Racial profiling by French police is being challenged in class action
Three leading rights organizations joined with grassroots groups Wednesday to launch France’s first class action suit targeting the country’s massive police machine, contending that it lawfully propagates a culture leading to systemic discrimination in identity checks.
The NGOs, including Human Rights Watch, Amnesty International and Open Society Justice Initiative, allege that police target Black people and people of Arab descent in choosing who to stop and check and say the practice is alienating those populations and a danger to society.
The issue of racial profiling has festered for years. Now, the organizations want deep law enforcement reforms, including a change in the article in the penal code that governs checks and currently gives police carte blanche with no trace of the encounter. They seek no monetary damages.
Prime Minister Jean Castex and France’s interior and justice ministers were served formal legal notice of the demands in a 145-page document including witness accounts, studies, and demands to ensure there’s no racial profiling in police checks.
Omer Mas Capitolin, a founder of Community House for Supportive Development, a grassroots NGO taking part in the legal action, said such checks are part of daily life for many people of color.
“When you’re always checked, it lowers your selfesteem,” and you become a “second-class citizen,” said Mas Capitolin, whose Paris group works with youth often stopped for checks that he said can end up in a police station.
The “victims are afraid to file complaints in this country
even if they know what happened isn’t normal,” he said, because they fear fallout from neighborhood police.
He called it a “mechanical reflex” for police to stop nonwhites, a practice he said is damaging to the person being checked and ultimately to relations between officers and the public they are expected to protect.
Mas Capitolin said the case of George Floyd, the Black American who died last year in Minneapolis after a white police officer pressed his knee into Floyd’s neck, is becoming a catalyst for change in France.
Police are of another mind. For Stanislas Gaudon, general delegate for Alliance Police Union, the claim that police discriminate in ID checks drew a big “no.”
“You know, police officers don’t get up in the morning thinking ‘I’m going to go out and check the IDs of people of Arab descent or Black people, or maybe Asian people or European people.’ No,” he said in an interview.

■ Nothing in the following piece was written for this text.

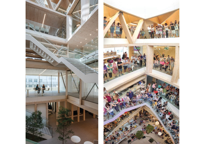 Система вторичного использования воды, садики для поддержания биоразнообразия (птицы, насекомые, летучие мыши), открытые в интерьер инженерные сети служат наглядным пособием для учеников.

“No, police are not discriminating and no, the police
don’t do racial profiling,” Gaudon added.
However, a non-white police officer posted in a tough Paris suburb who is not connected with the case told the AP he is often subjected to ID checks when in civilian clothes.

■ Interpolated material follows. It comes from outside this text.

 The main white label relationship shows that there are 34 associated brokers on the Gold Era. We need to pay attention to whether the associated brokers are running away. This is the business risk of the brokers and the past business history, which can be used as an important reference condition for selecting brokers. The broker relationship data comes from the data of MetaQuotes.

“When I’m not in uniform, I’m a person of color,” said the officer, who asked to remain anonymous in keeping with police rules and due to the sensitive nature of the topic. Police need a legal basis for their actions, “but 80% of the time they do checks (based on) heads” — meaning how a person looks.
In neighborhoods with a reputation for being tough, the encounter can include insults by police, the officer said. Discrimination within police ranks is a reality, he contended, and “unfortunately people don’t want to see.”
“Repression” is the only contact with the public, he claimed.
The lead lawyer in the case, Antoine Lyon-Caen, stressed the legal action does not target individual officers but “the system itself that
generates, by its rules, habits, culture, a discriminatory practice.”
“Since the shortcomings of the state (concern) a systemic practice, the response, the reactions, the remedies, the measures must be systemic,” Lyon-Caen said at a news conference with NGOs taking action.
.Major changes could be of service to police, he added, helping rebuild their ties with the public.
The New York Police Department stands as a precursor for France. The largest law enforcement department in the U.S. was forced to make major changes after a 2013 class-action lawsuit brought by a dozen Black and brown New Yorkers who said they were stopped solely because of their race. A federal judge ruled the NYPD had violated the civil rights of tens of thousands of New Yorkers.
City leaders at the time said the checks were a necessary crime-fighting tool, but very few checks resulted in arrest. Stops dropped precipitously under the new regime, but crime did not rise.